* What this task involves: Without including any images, reproduce each entry exactly.

--------------------------------------------------

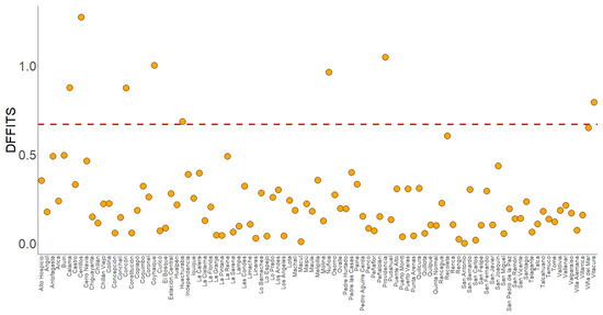 The model identification step was performed through iterative methods, which allow us to test a combination of variables for different models to fit. The selection of this method is due to the number of variables in the analysis. Trying all possible combinations of models with 19 variables returns approximately 260,000 models to test, which is humanly and computationally impossible to carry out. The algorithm to identify the model is stepwise regression with iterations in the form of forward, backward and stepwise (mixture) regression. The results of the iterations process are shown in Table 6. All models are significant according to the Fisher criterion, with p-values for this test of less than 5%, meaning that all models are significant with the existence of at least one significantly different from 0. The coefficients of determination are approximately 85% and, in terms of errors, the mean absolute percentage error (MAPE) is approximately 3.9%, whereas the mean squared error (MSE) is approximately 12%.
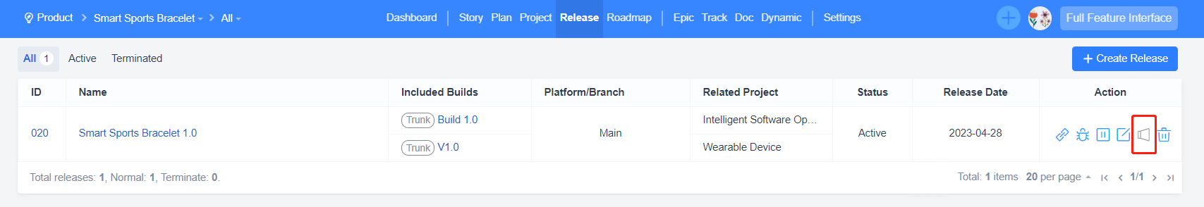 If the created release has not been associated with any stories or bugs yet, the notification button will be grayed out.
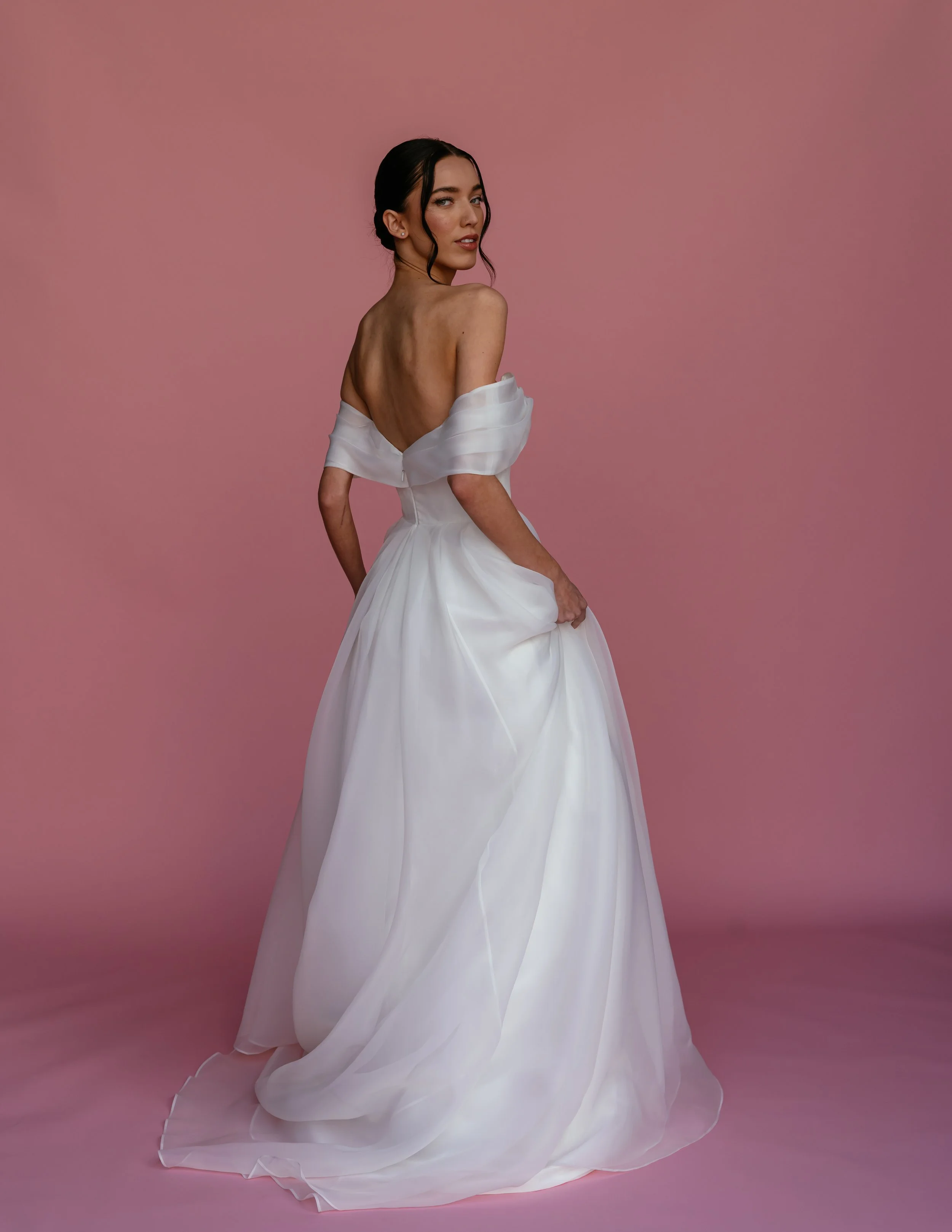 Satin organza, sweetheart neckline, pleated off shoulder straps, invisible zipper, A-line skirt, & court train.
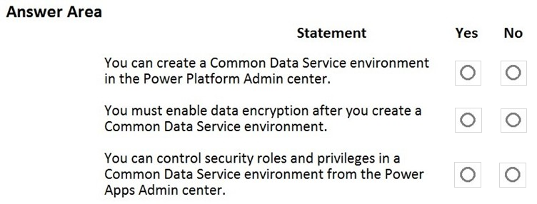 A company plans to create a Common Data Service environment.
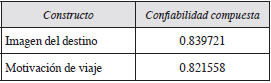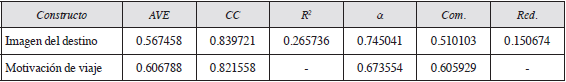 Una vez estimados los parámetros del modelo por medio del software de análisis estadístico Smart PLS, se identificaron los componentes principales de ambas variables, que se consignan en la tabla 5. En el caso de la variable motivación de viaje, se identifican tres componentes, todos ellos de tipo pull. En el caso de la imagen del destino, se identifican cuatro componentes, dos de tipo afectivo y dos de tipo cognitivo (tabla 5).
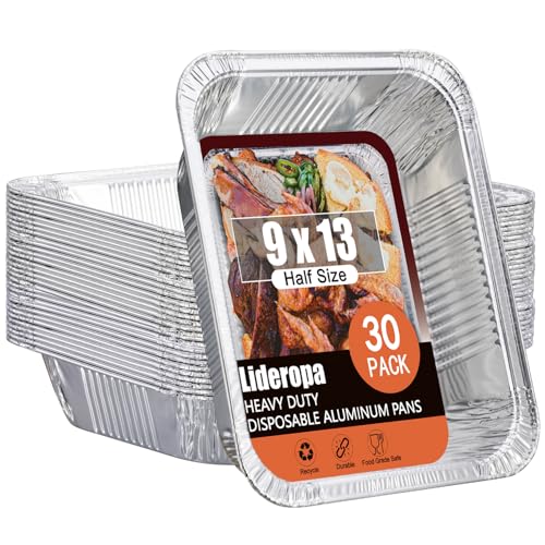 The Aluminum Pans Half Size, 9X13, Extra Heavy Duty Disposable Foil Pans are a versatile and convenient solution for all your baking, roasting, and food prepping needs. Made from premium quality thick aluminum with reinforced walls, these pans provide a sturdy composition that ensures superior heat conductivity for even baking and roasting. Eco-friendly and safe, they are fully recyclable and designed for a mess-free dinner experiencejust toss them after use or wash them in the dishwasher. Ideal for parties, BBQs, and catered events, these pans can serve as steam table trays or simply as stylish serving dishes. Whether baking brownies, lasagna, or perfecting side dishes, this multi-purpose set is perfect for any kitchen task. With a satisfaction guarantee, you can trust in the quality and functionality of this 30-pack set from Nicole Home Collection.
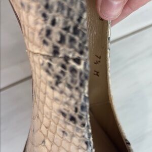 Step out in style with these elegant leather snakeskin patterned women's 5 inch heels. Perfect for any occasion, these shoes feature a sophisticated black and cream design. Platform. Very good Preloved condition.
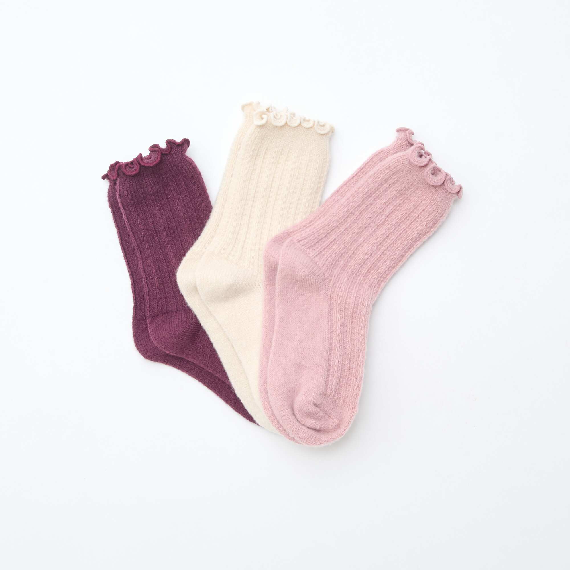Chaussettes en maille fantaisie finitions froufrous ROSE
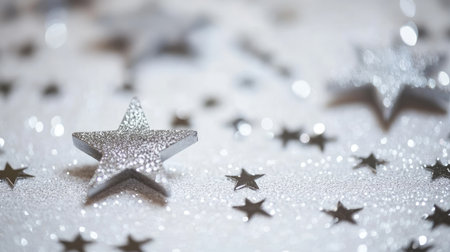 This image features shimmering silver stars scattered across a glimmering background, perfect for conveying a sense of magic and celebration in photography.
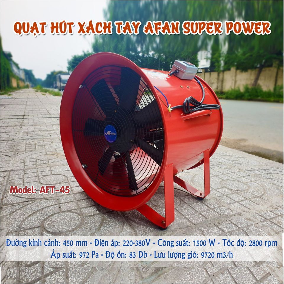 Quạt hút thổi cao áp AFan AFT-45 chuyên sử dụng để cấp gió tươi, dẫn khí vào hầm xe, hầm mỏ, hút mùi, hút bụi trong xây dựng.
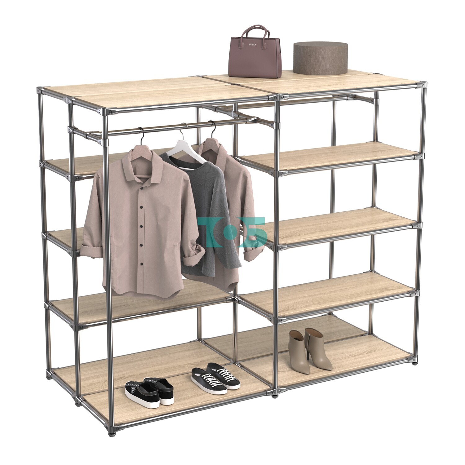 • Два внутренних усиленных поручня с возможностью регулирования по высоте: Позволяют демонстрировать одежду различными способами, предоставляя гибкость в выкладке товара и возможность адаптировать высоту под разные типы одежды.
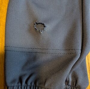 Stylish navy athletic pants with white side stripes. Perfect for sports or casual wear. Champro. Women's size medium. Has small hole at bottom of right leg as shown in picture.
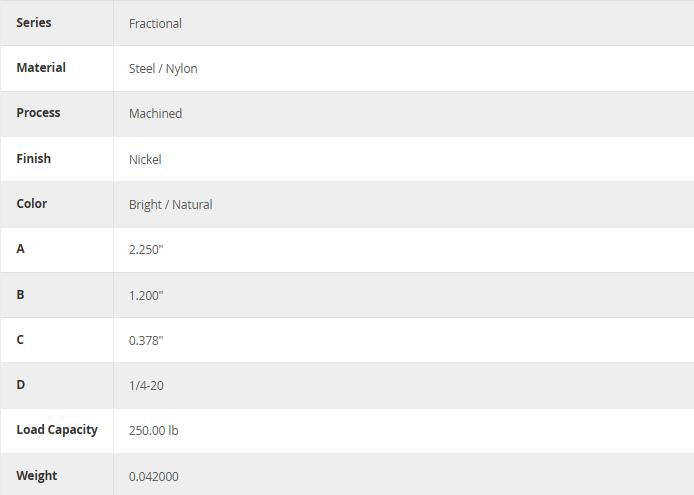 The economy floor glide is nickel-plated with a non-abrasive nylon base. It can mount directly to the T-slot profile end or to the side or end using a base plate. It is a medium-duty foot with load capacity options ranging from 250-500 pounds (113-227 kilograms). It works well on a variety of surfaces such as concrete or carpet, making it ideal for industrial, office, or home solutions.
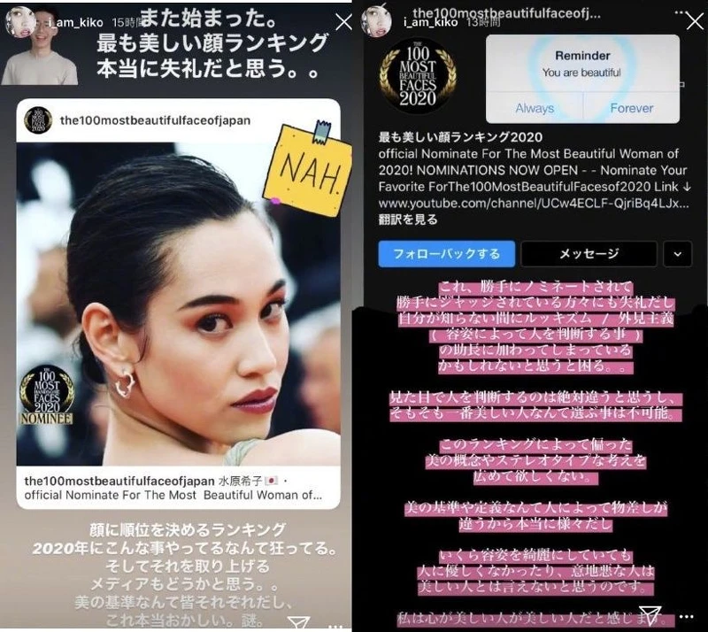 水原希子表示這種排行榜看了很討厭,她說:「我認為美應該是多樣化的,只靠一張臉去評斷是否美麗,真的很謎。」她也認為擅自決定榜單名單,還擅自評頭論足,靠外表去評斷一個人的行為相當惡劣。
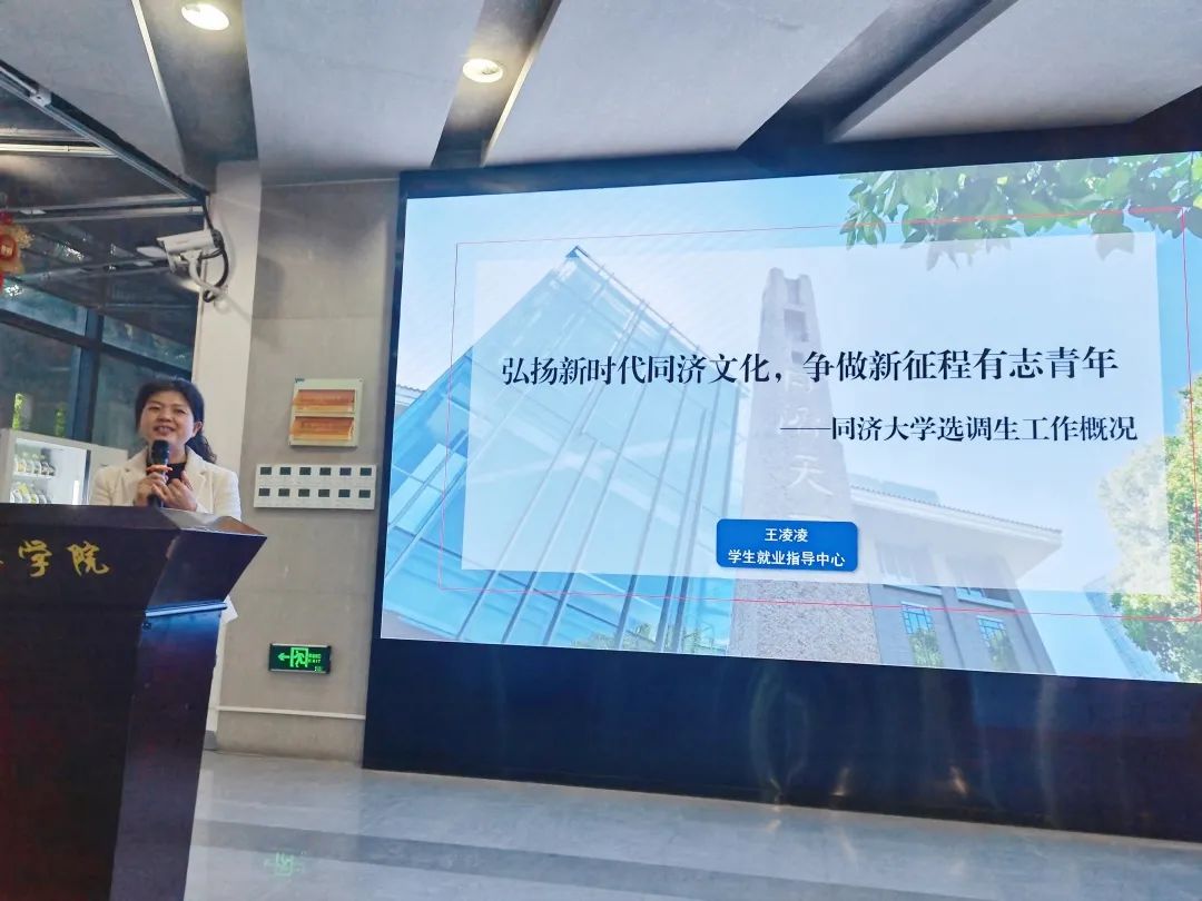 首先王凌凌老师作了关于同济大学选调生基层发展情况的报告,对同济大学往届选调生基层发展情况进行了分析,分享了典型代表的成长经历,并对报考同学给出了若干建议。
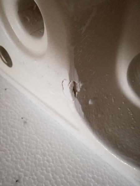 zakúpil som v kúpelňovom štúdiu sanitu (Ideal Standard Mia) a iné veci do kúpelní a po rozbalení som zistil že na oboch misách sú praskliny v miestach ktoré po montáži nebude vidieť. Tiež je v jednom kuse diera vyplnená nejakou zmesou. Zaujíma ma, či je toto štandard a nemám tomu prikladať pozornosť, alebo je to na reklamáciu. Prikladám fotografie.
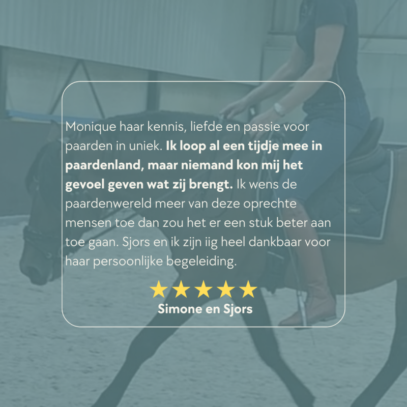 Dankzij de lessen van Monique heb ik geleerd Orion te accepteren zoals hij is. Door zijn grote, lange lijf heeft hij moeite met buiging en leunde hij graag op mijn hand – iets wat ik jarenlang onbewust versterkte. Nu leer ik hem op zijn eigen benen te lopen, zonder vast te pakken. Hij beweegt losser, onze samenwerking is lichter en we genieten allebei veel meer van het rijden!
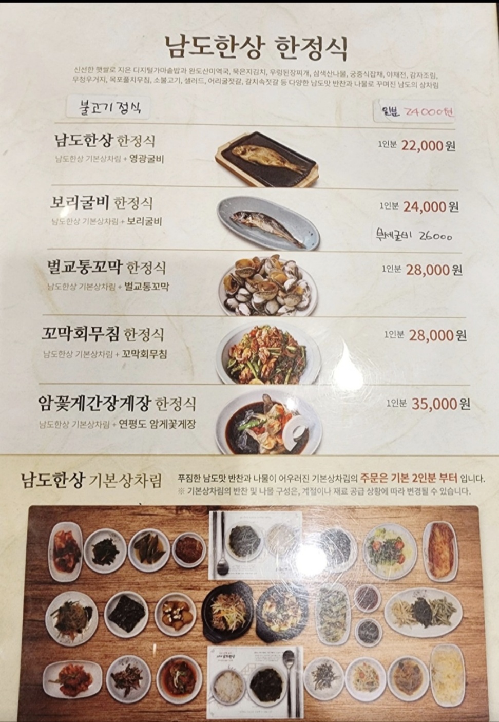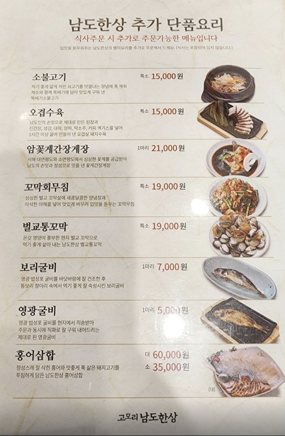 남도한상 추가 단품요리와 남도한상의 특별메뉴 표입니다.
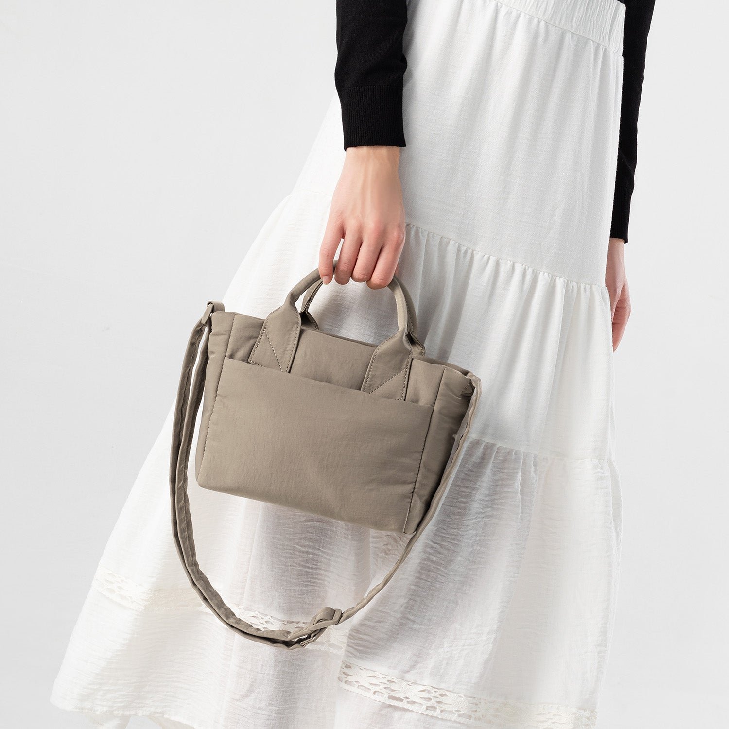 Whether commuting to work. heading to campus. or running errands. this mini tote is the go-anywhere companion. Its water-repellent fabric protects belongings from unexpected drizzles and splashes.

--------------------------------------------------

* Written answer:
 The model identification step was performed through iterative methods, which allow us to test a combination of variables for different models to fit. The selection of this method is due to the number of variables in the analysis. Trying all possible combinations of models with 19 variables returns approximately 260,000 models to test, which is humanly and computationally impossible to carry out. The algorithm to identify the model is stepwise regression with iterations in the form of forward, backward and stepwise (mixture) regression. The results of the iterations process are shown in Table 6. All models are significant according to the Fisher criterion, with p-values for this test of less than 5%, meaning that all models are significant with the existence of at least one significantly different from 0. The coefficients of determination are approximately 85% and, in terms of errors, the mean absolute percentage error (MAPE) is approximately 3.9%, whereas the mean squared error (MSE) is approximately 12%.
 If the created release has not been associated with any stories or bugs yet, the notification button will be grayed out.
 Satin organza, sweetheart neckline, pleated off shoulder straps, invisible zipper, A-line skirt, & court train.
 A company plans to create a Common Data Service environment.
 Una vez estimados los parámetros del modelo por medio del software de análisis estadístico Smart PLS, se identificaron los componentes principales de ambas variables, que se consignan en la tabla 5. En el caso de la variable motivación de viaje, se identifican tres componentes, todos ellos de tipo pull. En el caso de la imagen del destino, se identifican cuatro componentes, dos de tipo afectivo y dos de tipo cognitivo (tabla 5).
 The Aluminum Pans Half Size, 9X13, Extra Heavy Duty Disposable Foil Pans are a versatile and convenient solution for all your baking, roasting, and food prepping needs. Made from premium quality thick aluminum with reinforced walls, these pans provide a sturdy composition that ensures superior heat conductivity for even baking and roasting. Eco-friendly and safe, they are fully recyclable and designed for a mess-free dinner experiencejust toss them after use or wash them in the dishwasher. Ideal for parties, BBQs, and catered events, these pans can serve as steam table trays or simply as stylish serving dishes. Whether baking brownies, lasagna, or perfecting side dishes, this multi-purpose set is perfect for any kitchen task. With a satisfaction guarantee, you can trust in the quality and functionality of this 30-pack set from Nicole Home Collection.
 Step out in style with these elegant leather snakeskin patterned women's 5 inch heels. Perfect for any occasion, these shoes feature a sophisticated black and cream design. Platform. Very good Preloved condition.
Chaussettes en maille fantaisie finitions froufrous ROSE
 This image features shimmering silver stars scattered across a glimmering background, perfect for conveying a sense of magic and celebration in photography.
 Quạt hút thổi cao áp AFan AFT-45 chuyên sử dụng để cấp gió tươi, dẫn khí vào hầm xe, hầm mỏ, hút mùi, hút bụi trong xây dựng.
 • Два внутренних усиленных поручня с возможностью регулирования по высоте: Позволяют демонстрировать одежду различными способами, предоставляя гибкость в выкладке товара и возможность адаптировать высоту под разные типы одежды.
 Stylish navy athletic pants with white side stripes. Perfect for sports or casual wear. Champro. Women's size medium. Has small hole at bottom of right leg as shown in picture.
 The economy floor glide is nickel-plated with a non-abrasive nylon base. It can mount directly to the T-slot profile end or to the side or end using a base plate. It is a medium-duty foot with load capacity options ranging from 250-500 pounds (113-227 kilograms). It works well on a variety of surfaces such as concrete or carpet, making it ideal for industrial, office, or home solutions.
 水原希子表示這種排行榜看了很討厭,她說:「我認為美應該是多樣化的,只靠一張臉去評斷是否美麗,真的很謎。」她也認為擅自決定榜單名單,還擅自評頭論足,靠外表去評斷一個人的行為相當惡劣。
 首先王凌凌老师作了关于同济大学选调生基层发展情况的报告,对同济大学往届选调生基层发展情况进行了分析,分享了典型代表的成长经历,并对报考同学给出了若干建议。
 zakúpil som v kúpelňovom štúdiu sanitu (Ideal Standard Mia) a iné veci do kúpelní a po rozbalení som zistil že na oboch misách sú praskliny v miestach ktoré po montáži nebude vidieť. Tiež je v jednom kuse diera vyplnená nejakou zmesou. Zaujíma ma, či je toto štandard a nemám tomu prikladať pozornosť, alebo je to na reklamáciu. Prikladám fotografie.
 Dankzij de lessen van Monique heb ik geleerd Orion te accepteren zoals hij is. Door zijn grote, lange lijf heeft hij moeite met buiging en leunde hij graag op mijn hand – iets wat ik jarenlang onbewust versterkte. Nu leer ik hem op zijn eigen benen te lopen, zonder vast te pakken. Hij beweegt losser, onze samenwerking is lichter en we genieten allebei veel meer van het rijden!
 남도한상 추가 단품요리와 남도한상의 특별메뉴 표입니다.
 Whether commuting to work. heading to campus. or running errands. this mini tote is the go-anywhere companion. Its water-repellent fabric protects belongings from unexpected drizzles and splashes.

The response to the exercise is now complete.